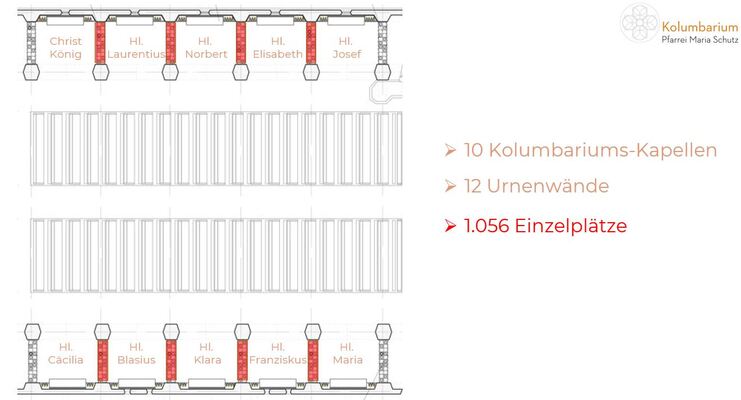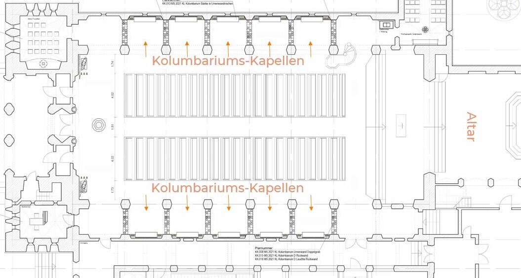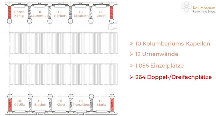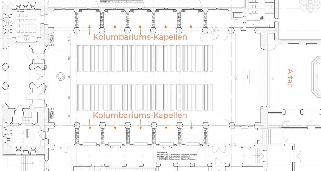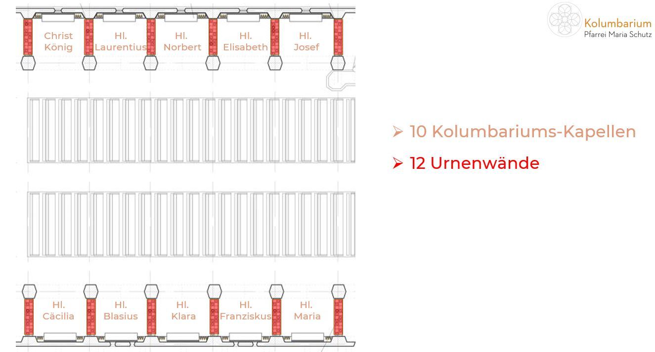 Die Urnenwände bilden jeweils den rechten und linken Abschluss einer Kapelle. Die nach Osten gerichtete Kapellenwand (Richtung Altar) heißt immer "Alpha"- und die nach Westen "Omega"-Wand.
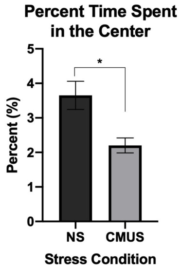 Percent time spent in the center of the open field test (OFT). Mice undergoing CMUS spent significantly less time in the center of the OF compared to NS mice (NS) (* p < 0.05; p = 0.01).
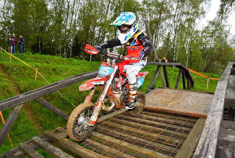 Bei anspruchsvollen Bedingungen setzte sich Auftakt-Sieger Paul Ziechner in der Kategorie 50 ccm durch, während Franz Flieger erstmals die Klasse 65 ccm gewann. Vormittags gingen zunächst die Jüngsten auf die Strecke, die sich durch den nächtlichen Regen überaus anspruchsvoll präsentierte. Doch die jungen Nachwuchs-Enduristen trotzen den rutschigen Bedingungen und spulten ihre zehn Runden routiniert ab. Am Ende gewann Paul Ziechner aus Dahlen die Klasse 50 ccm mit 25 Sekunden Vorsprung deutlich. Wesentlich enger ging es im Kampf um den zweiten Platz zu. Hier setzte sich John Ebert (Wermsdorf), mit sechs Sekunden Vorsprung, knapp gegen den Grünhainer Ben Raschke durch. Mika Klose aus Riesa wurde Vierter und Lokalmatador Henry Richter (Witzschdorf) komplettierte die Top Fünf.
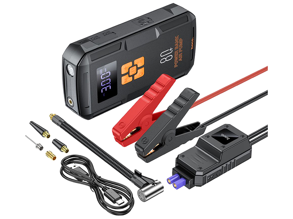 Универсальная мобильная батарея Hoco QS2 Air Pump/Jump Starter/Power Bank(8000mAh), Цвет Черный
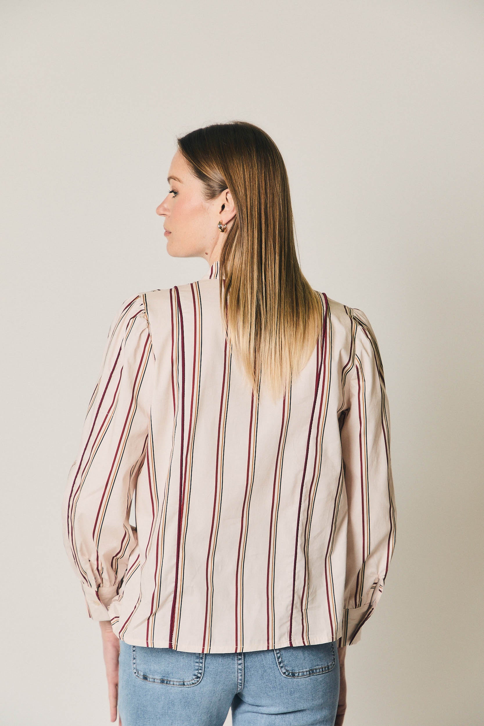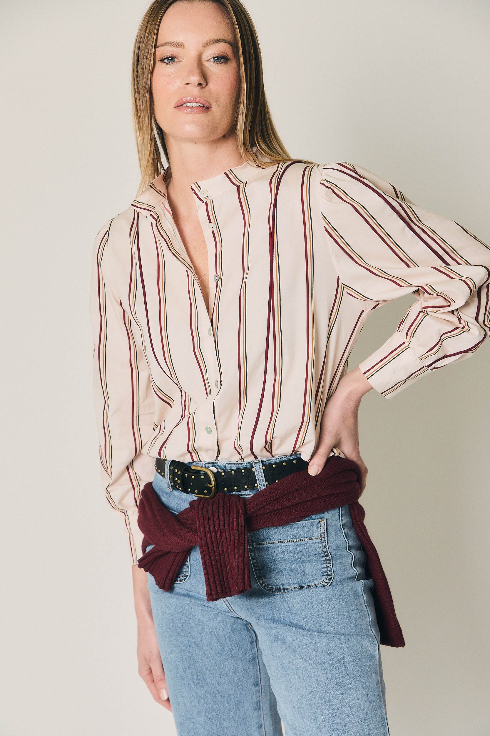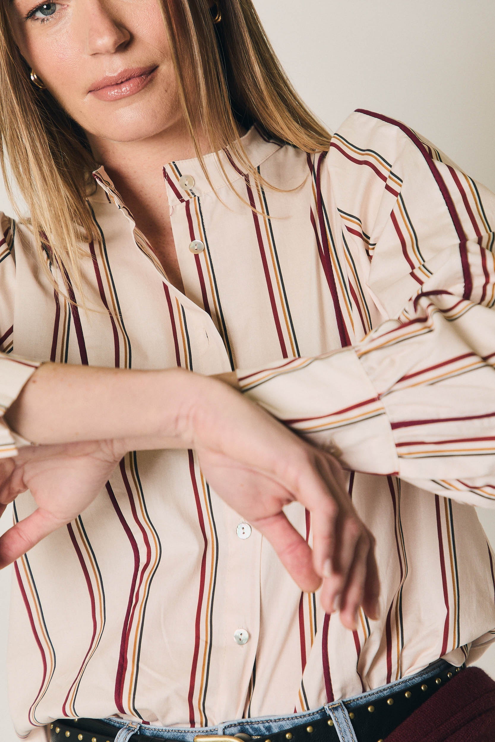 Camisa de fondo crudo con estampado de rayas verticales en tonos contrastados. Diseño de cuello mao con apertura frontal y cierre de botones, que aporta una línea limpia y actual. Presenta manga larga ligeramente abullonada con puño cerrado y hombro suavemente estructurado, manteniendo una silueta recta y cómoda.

============================================================

Exercise objective:
With the pictures dropped, give every entry above again exactly.

Task response:
 Die Urnenwände bilden jeweils den rechten und linken Abschluss einer Kapelle. Die nach Osten gerichtete Kapellenwand (Richtung Altar) heißt immer "Alpha"- und die nach Westen "Omega"-Wand.
 Percent time spent in the center of the open field test (OFT). Mice undergoing CMUS spent significantly less time in the center of the OF compared to NS mice (NS) (* p < 0.05; p = 0.01).
 Bei anspruchsvollen Bedingungen setzte sich Auftakt-Sieger Paul Ziechner in der Kategorie 50 ccm durch, während Franz Flieger erstmals die Klasse 65 ccm gewann. Vormittags gingen zunächst die Jüngsten auf die Strecke, die sich durch den nächtlichen Regen überaus anspruchsvoll präsentierte. Doch die jungen Nachwuchs-Enduristen trotzen den rutschigen Bedingungen und spulten ihre zehn Runden routiniert ab. Am Ende gewann Paul Ziechner aus Dahlen die Klasse 50 ccm mit 25 Sekunden Vorsprung deutlich. Wesentlich enger ging es im Kampf um den zweiten Platz zu. Hier setzte sich John Ebert (Wermsdorf), mit sechs Sekunden Vorsprung, knapp gegen den Grünhainer Ben Raschke durch. Mika Klose aus Riesa wurde Vierter und Lokalmatador Henry Richter (Witzschdorf) komplettierte die Top Fünf.
 Универсальная мобильная батарея Hoco QS2 Air Pump/Jump Starter/Power Bank(8000mAh), Цвет Черный
 Camisa de fondo crudo con estampado de rayas verticales en tonos contrastados. Diseño de cuello mao con apertura frontal y cierre de botones, que aporta una línea limpia y actual. Presenta manga larga ligeramente abullonada con puño cerrado y hombro suavemente estructurado, manteniendo una silueta recta y cómoda.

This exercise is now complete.